Auf welcher Grundlage wird denn die "günstigste" oder am besten geeignete Heizungsform im jeweiligen Quartier ermittelt?
Paula Möhring: HIC legt einen sogenannten Vollkostenansatz pro Gebäude zugrunde. In die Betrachtung einbezogen werden Anschaffungskosten, die Kosten für den genutzten Energieträger und auch laufende Kosten, z.B. für den Schornsteinfeger oder Wartungsleistungen. Verglichen werden zukünftige Kosten für die jeweiligen Energieträger aufgeschlüsselt in Fünf-Jahres-Scheiben. Es gibt keine "Rückwärtsvergleiche" oder Vergleiche mit heutigen Preisen. Zugegebenermaßen sind Preisprognosen für z.B. Wasserstoff schwierig, für Erdgas ist der vereinbarte CO2-Preis ein Indikator, für Wasserstoff gibt es nur unklare Prognosen, für Strom ist die Preisprognose klarer.
Wird das Stromnetz den künftigen Anforderungen gerecht werden können?

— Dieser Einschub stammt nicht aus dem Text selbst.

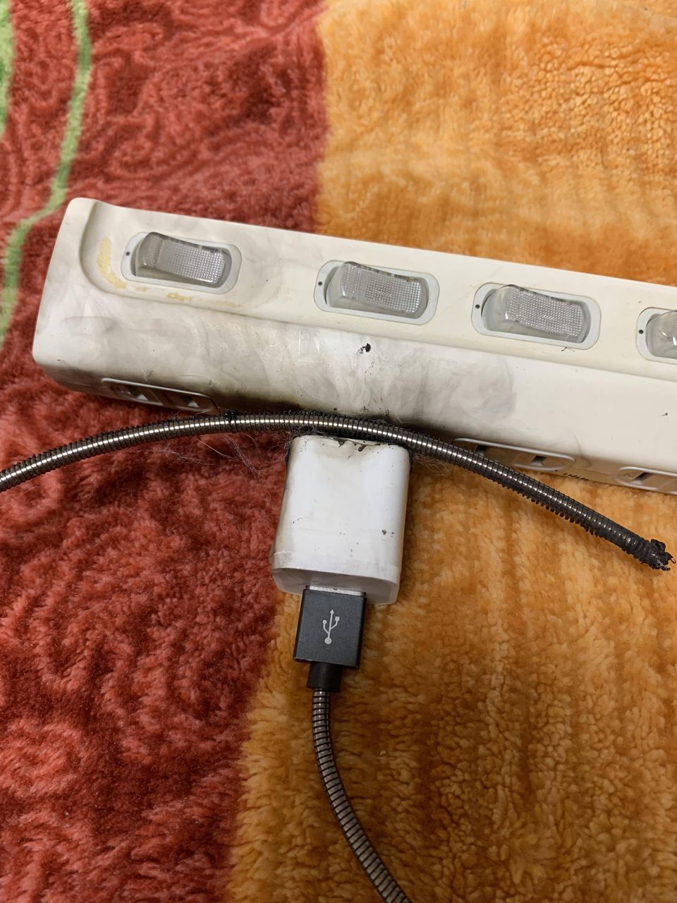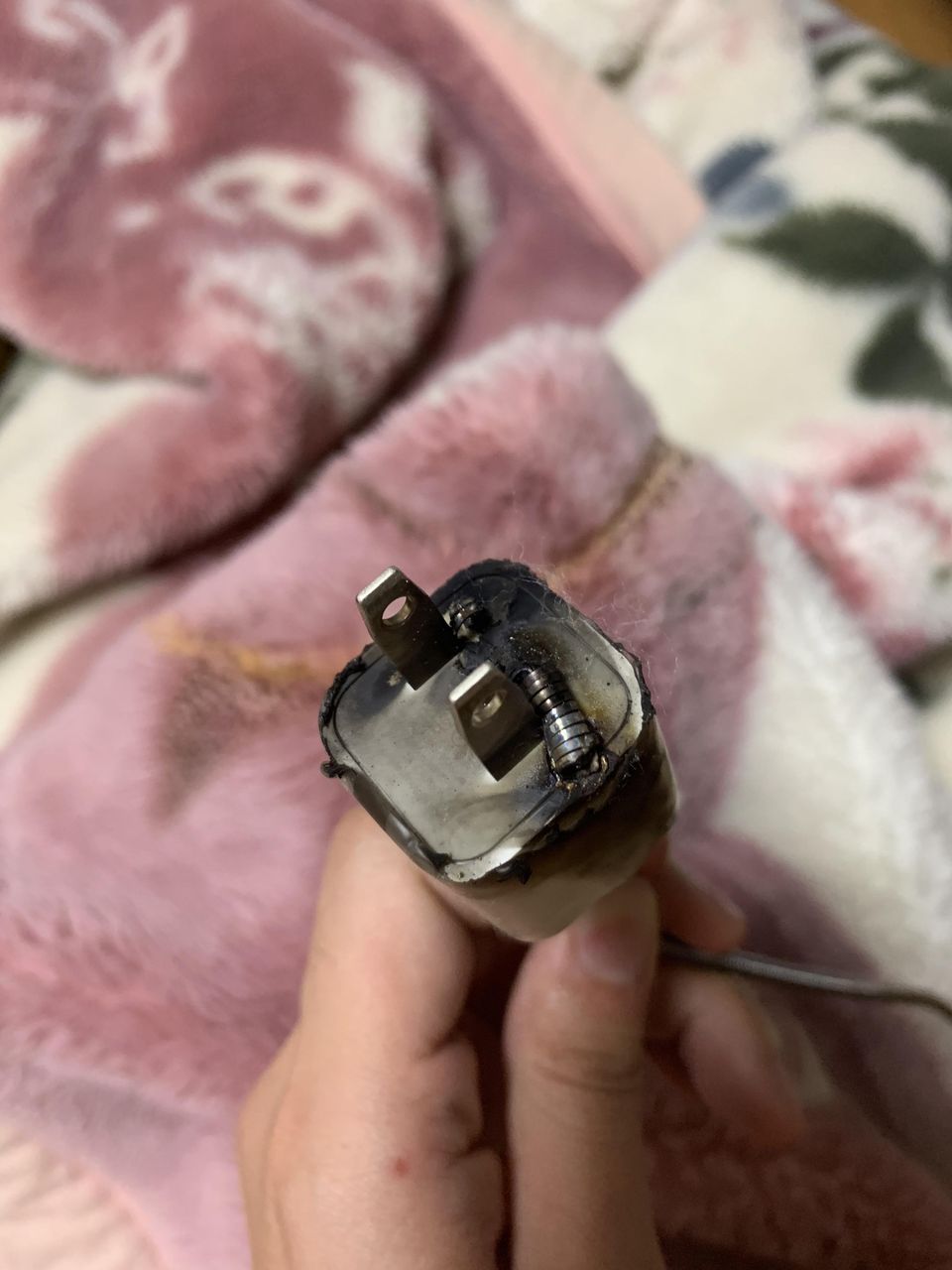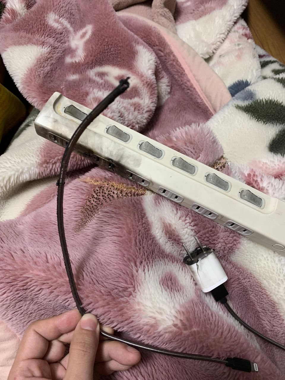 枕元でいきなりバチって音がして燃え出したから焦った

Christian Dornack: Als Stromnetzbetreiber mit mehr als 100.000 Abnahmestellen sind wir Teil der Planungsregion Ost und erstellen sowie veröffentlichen alle zwei Jahre den Netzausbauplan Strom. Auf Basis von Regionalszenarien und Netzprognosen entwickeln wir unser Zielnetz Strom bis zum Jahr 2045. Wir identifizieren die vermutlichen Netzengpässe im Versorgungsgebiet, wo es bei Leistungsspitzen zu Netzüberlastungen kommen könnte, und planen entsprechende Ausbaumaßnahmen. Übergangsweise können die Regelungen aus dem Paragraph §14a EnWG zur "Dimmbarkeit" bestimmter Verbrauchsanlagen zur Anwendung kommen, welche jedoch einen Netzausbau nach sich ziehen.